Isla Bryson has now been moved to a men’s prison. On January 29th the Scottish government said it would not place any “newly convicted transgender person with any history of violence against women…in a female prison”, pending a review. It has not said it would stop putting any males in women’s jails. Scottish Trans, a group which helped the sps draw up its policy, said a blanket ban would be wrong. Nicola Sturgeon, the first minister, agreed, saying it was important not to “even inadvertently suggest that trans women somehow pose an inherent threat to women”.
Campaigners for women’s rights (and others) point out that though most trans women pose no threat to women, there is no evidence that they pose less of a threat than other men.
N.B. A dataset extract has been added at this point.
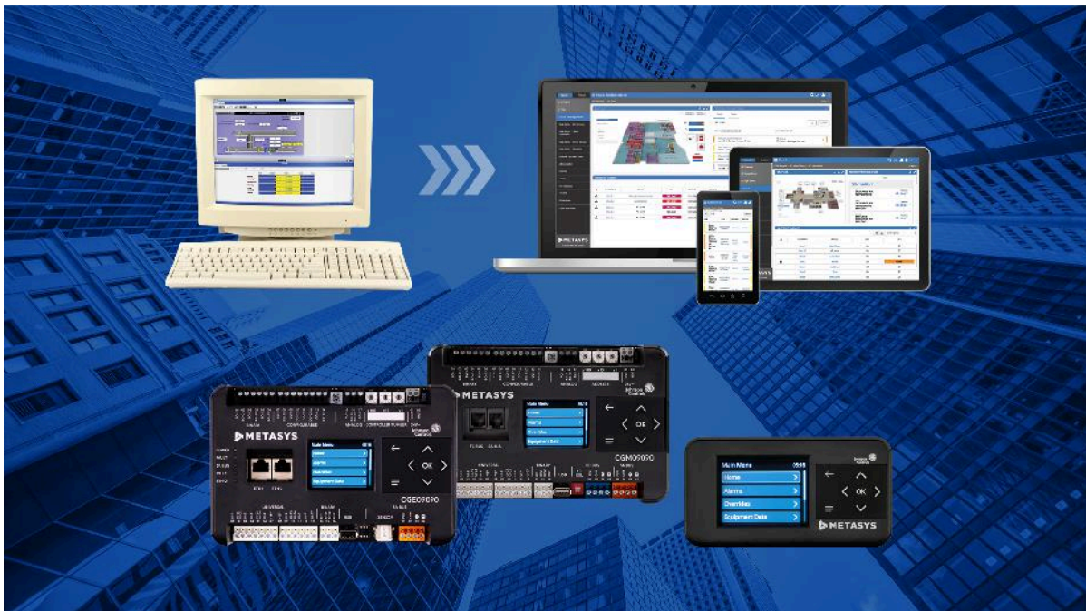
Figure 1: Metasys Release 13.0

Johnson Controls® is pleased to announce a new release of the Metasys system. Its substantial enhancements are designed to deliver better space utilization and planning, maximize operator efficiency, and enhance overall system performance and reliability.

Most have not undergone sex-reassignment surgery. Many are heterosexual. Given that less than 2% of reported rapes lead to a conviction, claims that the prison service can weed out predatory males bear little scrutiny.
Putting males in female spaces also compromises women’s privacy. This is particularly important in prison. Women constitute less than 4% of the prison population, and tend to be locked up for low-level, non-violent crimes. A majority of them have been victims of domestic violence. One former female convict has described how she was “shaking with fear” when she was forced to share a shower block with trans women in a Scottish jail.
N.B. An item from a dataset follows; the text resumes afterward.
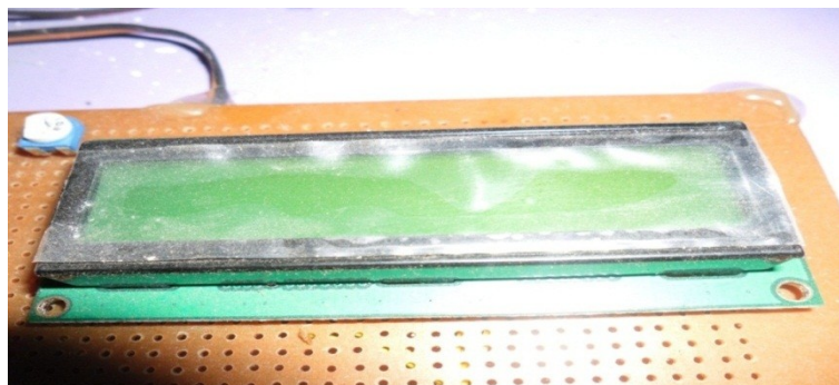
Figure 4.3: Temperature Display

The temperature display is important part of thermal conductivity measurement apparatus. Its work to display the temperature of two different sections on display screen. The temperature of first section display first and temperature of other section display last.

England and Wales also allow some trans women to be housed with female prisoners. But the Ministry of Justice has made this more difficult. In January it said no prisoner with male genitals would be housed with women. Some women’s rights campaigners hope this will include those who hold a gender-recognition certificate (GRC), which means they are currently classed as female (regardless of their genital arrangements). Calls are growing for equality legislation to be amended to clarify that the protected characteristic of “sex”, which allows some spaces and services to exclude men, means biological sex.
Where then should trans prisoners be placed? The question mostly relates to trans women, since most trans inmates are natal males (and few trans men ask to be transferred into men’s prisons). Some trans women are themselves too vulnerable to be housed with males.
Part of the answer is vulnerable-prisoner units, which are used for those considered at particular risk (including some gay men and police informants). Because of the rise in the number of trans prisoners (see chart), some reckon a separate unit for transgender prisoners should be established. Jo Phoenix, a professor of criminology at Reading University, says this would help the criminal-justice system develop better ways of working with trans prisoners, including in such areas as rehabilitation. This is a group, she says, about which too little is known.
Scotland is unlikely to consider such policies any time soon. Ms Sturgeon, who seems to have succumbed to the influence of extreme trans activists, has struggled to explain how trans women are women except when they’re violent predators. Her position has been made more difficult by her championing of Scotland’s gender-recognition bill, which would have made it much easier for someone there to get a GRC than someone in England and Wales. When Westminster blocked the bill, Ms Sturgeon called it a “full-frontal attack” on the Scottish Parliament. But it was her party that stopped changes making it harder for male sex offenders to get a GRC.
https://www.economist.com/britain/2023/02/02/where-should-trans-prisoners-serve-their-sentences?
Date: 18/02/2023 11:38:49
From: buffy
ID: 1995796
Subject: re: Teenage trans men
>>Isla Bryson has now been moved to a men’s prison.<<
And kept separately from the men?
What do we do here in Australia?
Date: 18/02/2023 11:40:51
From: ms spock
ID: 1995798
Subject: re: Teenage trans men
buffy said:
>>Isla Bryson has now been moved to a men’s prison.<<
And kept separately from the men?
What do we do here in Australia?
Not sure that we are doing so well with it.
https://www.independent.co.uk/news/world/australasia/transgender-woman-raped-2-000-times-male-prison-a6989366.html
Date: 18/02/2023 11:44:33
From: ms spock
ID: 1995800
Subject: re: Teenage trans men
buffy said:
>>Isla Bryson has now been moved to a men’s prison.<<
And kept separately from the men?
What do we do here in Australia?
Here’s some research. I haven’t had time to read it. But it might be of interest to this thread.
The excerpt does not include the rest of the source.